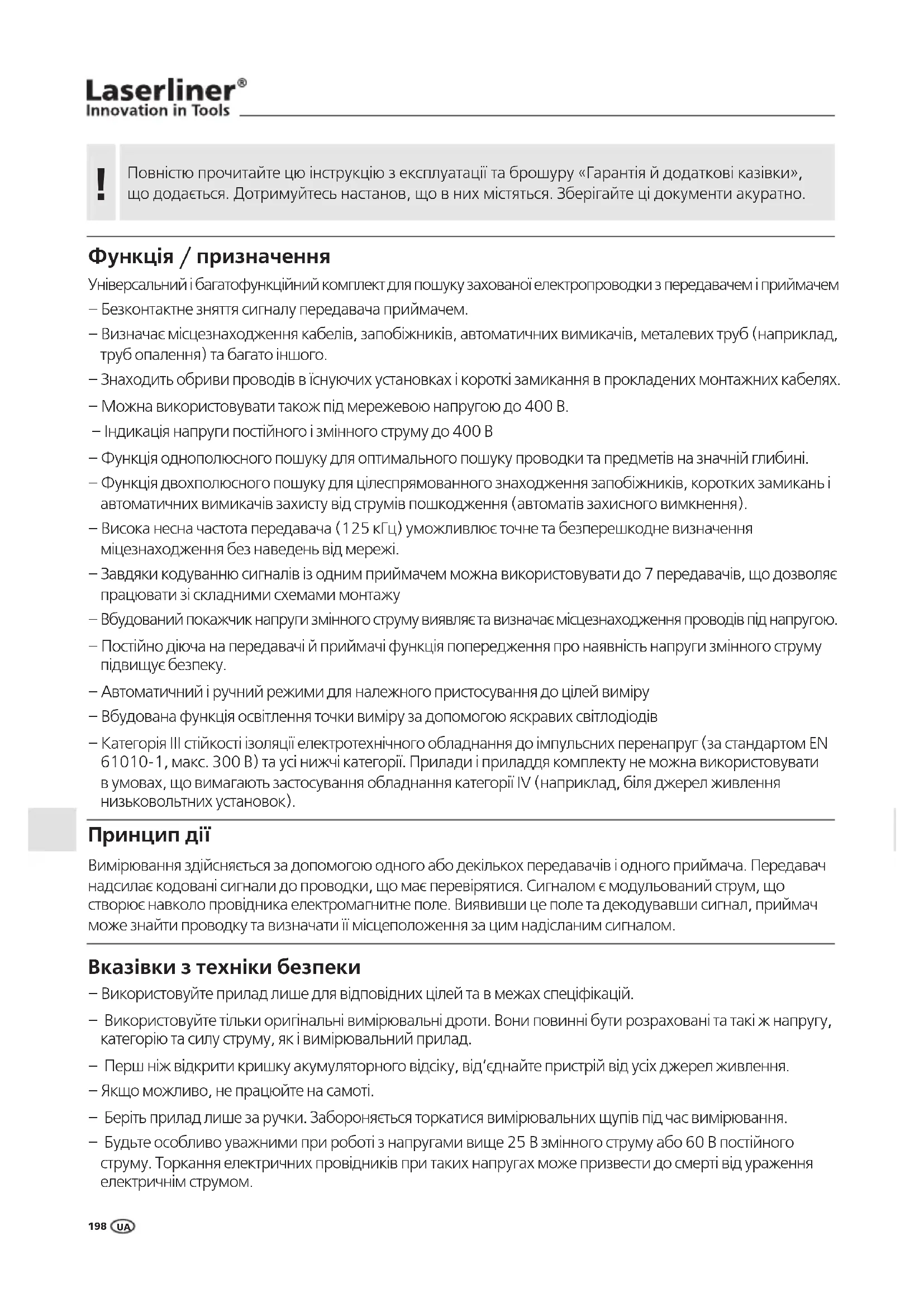 ПОСІБНИК КОРИСТУВАЧА CableTracer Pro Laserliner
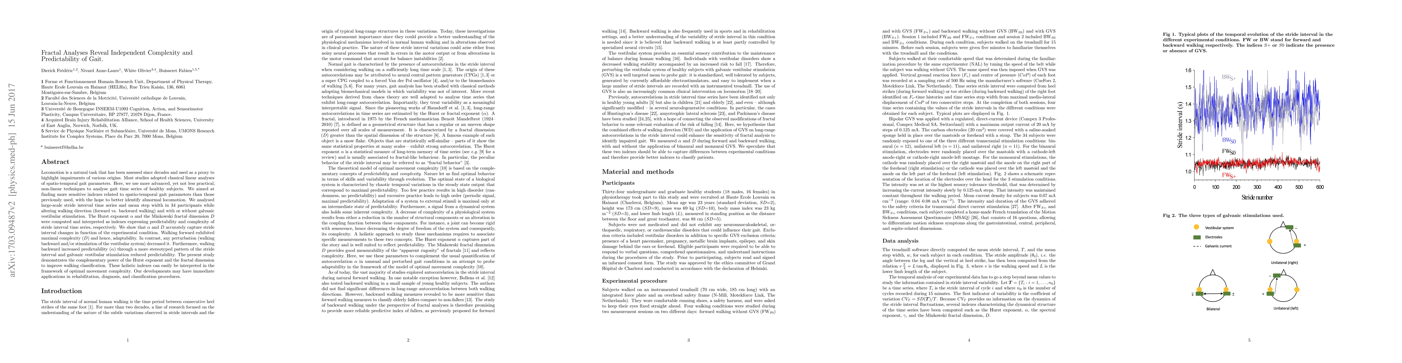 A study used fractal analysis to better understand walking patterns in healthy subjects, finding that forward walking is more complex and adaptable, while backward walking and vestibular stimulation decrease complexity and increase predictability.
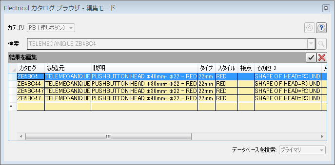 Electrical カタログ データベースからパーツを挿入したり、カタログ データベースを編集します。
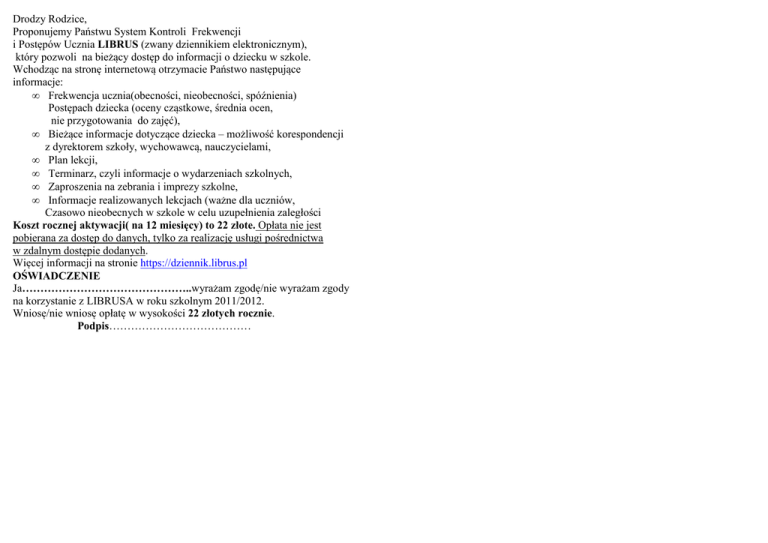 Drodzy Rodzice, Proponujemy Państwu System Kontroli Frekwencji i Postępów Ucznia LIBRUS (zwany dziennikiem elektronicznym), który pozwoli na bieżący dostęp do informacji o dziecku w szkole. Wchodząc na stronę internetową otrzymacie Państwo następujące informacje: • Frekwencja ucznia(obecności, nieobecności, spóźnienia) Postępach dziecka (oceny cząstkowe, średnia ocen, nie przygotowania do zajęć), • Bieżące informacje dotyczące dziecka – możliwość korespondencji z dyrektorem szkoły, wychowawcą, nauczycielami, • Plan lekcji, • Terminarz, czyli informacje o wydarzeniach szkolnych, • Zaproszenia na zebrania i imprezy szkolne, • Informacje realizowanych lekcjach (ważne dla uczniów, Czasowo nieobecnych w szkole w celu uzupełnienia zaległości Koszt rocznej aktywacji( na 12 miesięcy) to 22 złote. Opłata nie jest pobierana za dostęp do danych, tylko za realizację usługi pośrednictwa w zdalnym dostępie dodanych. Więcej informacji na stronie https://dziennik.librus.pl OŚWIADCZENIE Ja………………………………………..wyrażam zgodę/nie wyrażam zgody na korzystanie z LIBRUSA w roku szkolnym 2011/2012. Wniosę/nie wniosę opłatę w wysokości 22 złotych rocznie. Podpis…………………………………
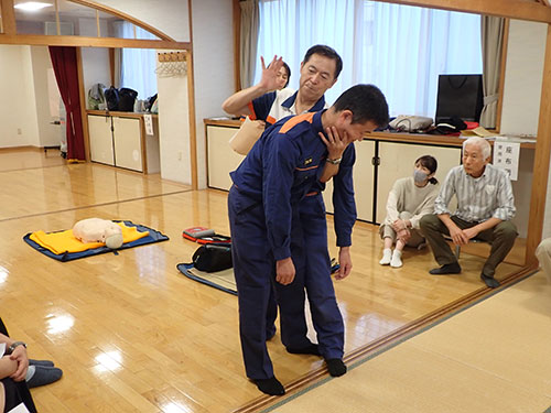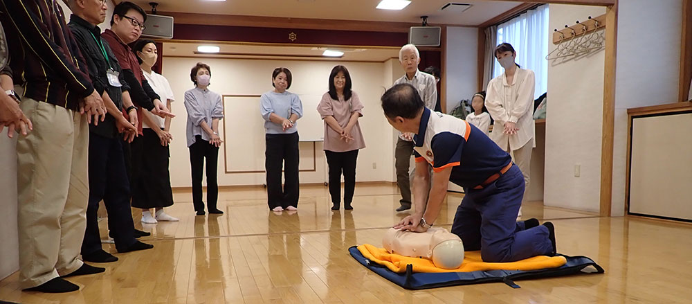 ![]() 胸骨圧迫は胸の真ん中になど、丁寧な指導 |
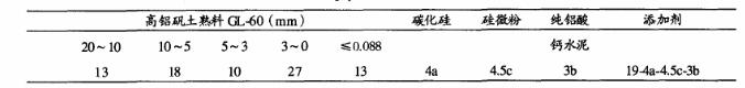 不定型耐火材料生產(chǎn)中,控制原材料的粒度分布是控制產(chǎn)品質(zhì)量的關(guān)鍵工序之一。為此,根據(jù)經(jīng)驗、原料性質(zhì)及澆注料粒度的配比理論通過反復(fù)試驗對比,最終確定AL2O3-SiC質(zhì)的鐵水包澆注料配方中,骨料:粉料(百分比=68%:32%),臨界粒度為10mm,原料粒度分為10mm、5~10mm、5~3mm、3~0mm以及≤0.088mm,具體配比如表3

Exercise objective - From the data above, return only the lines starting at the line that holds "A study used" and ending at the line that holds "Electrical カタログ データベースからパーツを挿入したり、カタログ", word for word and without pictures.

Completed exercise -
 A study used fractal analysis to better understand walking patterns in healthy subjects, finding that forward walking is more complex and adaptable, while backward walking and vestibular stimulation decrease complexity and increase predictability.
 Electrical カタログ データベースからパーツを挿入したり、カタログ データベースを編集します。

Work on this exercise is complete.